I think James has probably given you the input you need - basically,
don't allow the system to automatically set the modified time - make
that parameter to your function or set that value before the copy to the
history tables - content would then be the same, so uuid v3 should work.

However, I do think you have another big problem lurking in the
shadows. What happens if any of your connected databases are unavailable
or unreachable for a period of time? I suspect your going to run into
update anomalies and depending on your setup/environment, possibly even
partitioning problems (depending on number of clients and typology
etc). These are well known problems in distributed or replication
systems.

You appear to be implementing a 'poor mans' replication system. There
are lots of complex issues to deal with and I wonder why you want to
take them on when PG has already got well tested and robust solutions
for this that would simplify your architecture and avoid the need to
re-implement functionality which already exists?

regards,

Tim

Hi Tim,

  Last I checked, pgsql couldn't handle this;

Two DBs up, getting data.
DB1 goes down, DB2 continues to collect data.
DB2 goes down
DB1 comes back up, starts collecting data.
DB2 comes back up, now I need to move data in both directions (DB1 has data 2 doesn't and vice-versa).

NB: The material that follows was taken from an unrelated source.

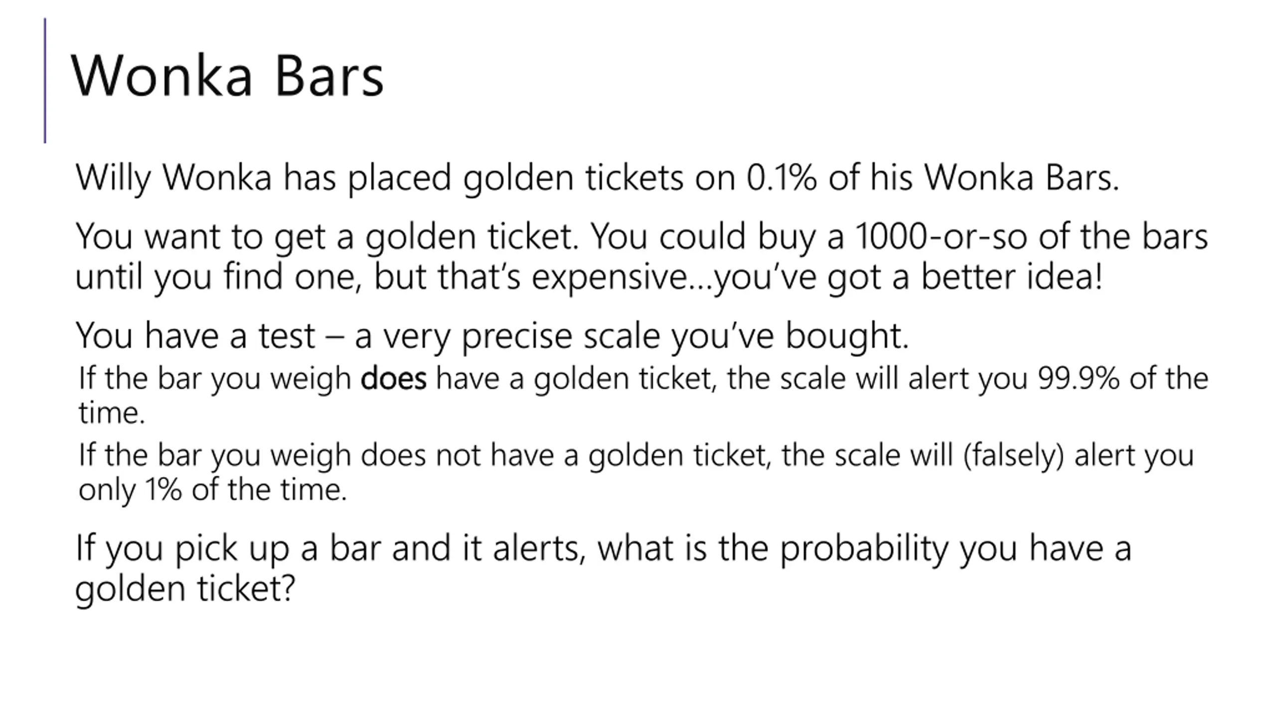 Wonka Bars Willy Wonka has placed golden tickets on 0.1% of his Wonka Bars. You want to get a golden ticket. You could buy a 1000-or-so of the bars until you find one, but that s expensive you ve got a better idea! You have a test a very precise scale you ve bought. If the bar you weigh does does have a golden ticket, the scale will alert you 99.9% of the time. If the bar you weigh does not have a golden ticket, the scale will (falsely) alert you only 1% of the time. If you pick up a bar and it alerts, what is the probability you have a golden ticket?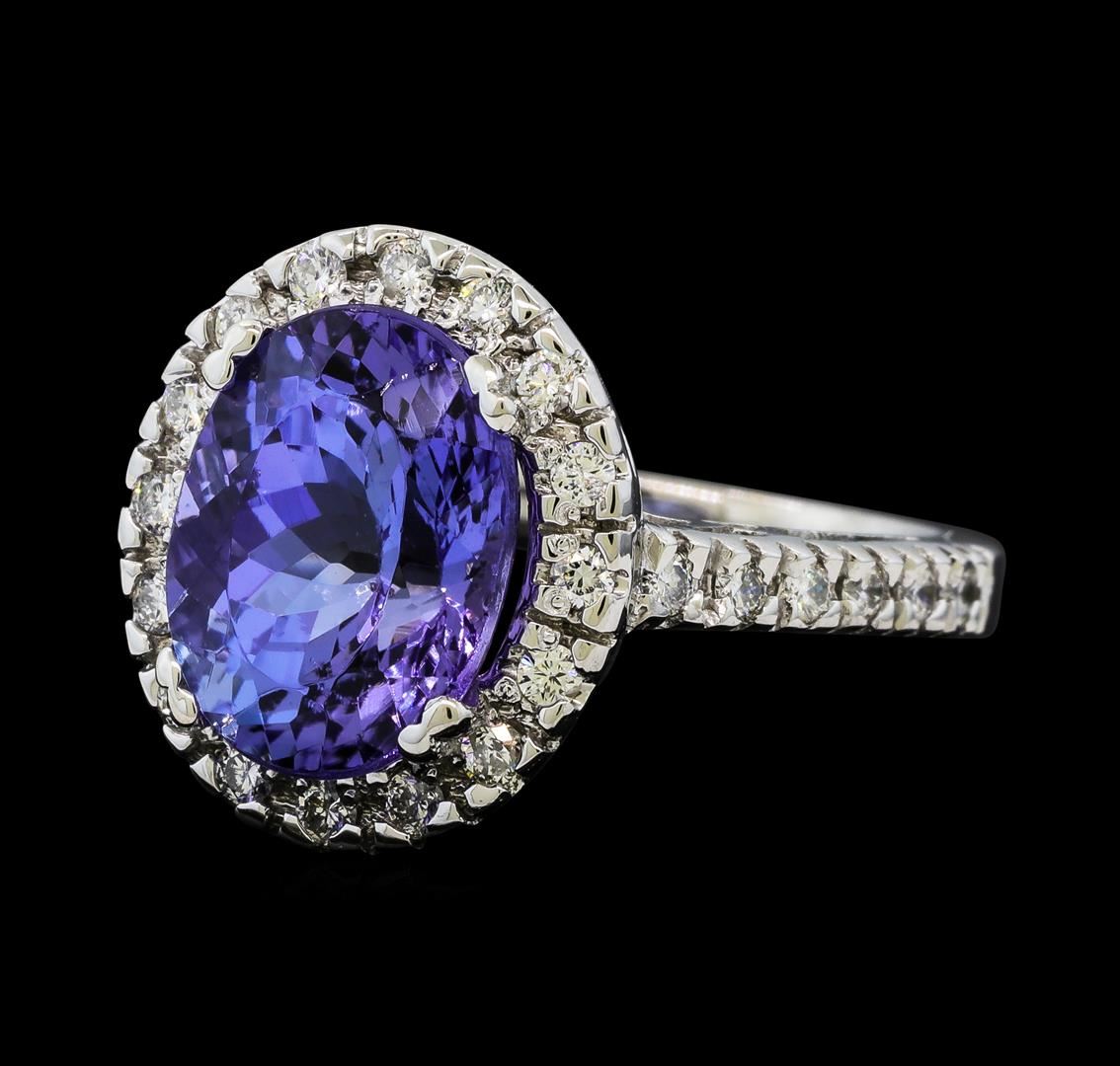 One electronically tested 14KT white gold lady's cast fashion ring with a cathedral shank with a halo with a bright polish finish. The featured lady's ring has a shank measuring 2.46 millimeters wide. Identified with markings of '14K'. Condition is new, good workmanship. Containing: One prong set oval modified brilliant cut natural tanzanite, measuring 12.13 x 9.66 x 7.54mm, (depth est.) approximate weight of 5.77ct., clarity is eye clean, medium, moderately strong, violet color, (GIA V 5/4), cut is very good. Transmitting light with no distortion, transparent. Colored gemstones are presumed to have been subjected to commonly used enhancement processes. Graded in the setting. Twenty-Eight prong set round brilliant cut diamonds, measuring 1.70 - 1.65 x 1.04mm (depth est.) approximate total weight of 28 Stones = 0.50ct. Graded in the setting. Clarity SI-1 to I-1. Color: G - H Cut Good. Total Weight of Colored Stones 5.77ct.. Total Weight of Diamonds 0.50ct.. Total Weight of Ring 7.20gm. GAS Appraised at $9,410.00.

  I've created a way to resolve this in my application and it's worked for some time (obviously, in my application only. It's not a general purpose system nor is it intended to be).

  For the record, I realized I was looking for a complex solution to a simple problem. I do create the 'modified_date' value in my app, and I just needed to refresh it between UPDATEs/INSERTs on the same column so that no two records in the history table have the same 'modified_date'. With that, my resync works again.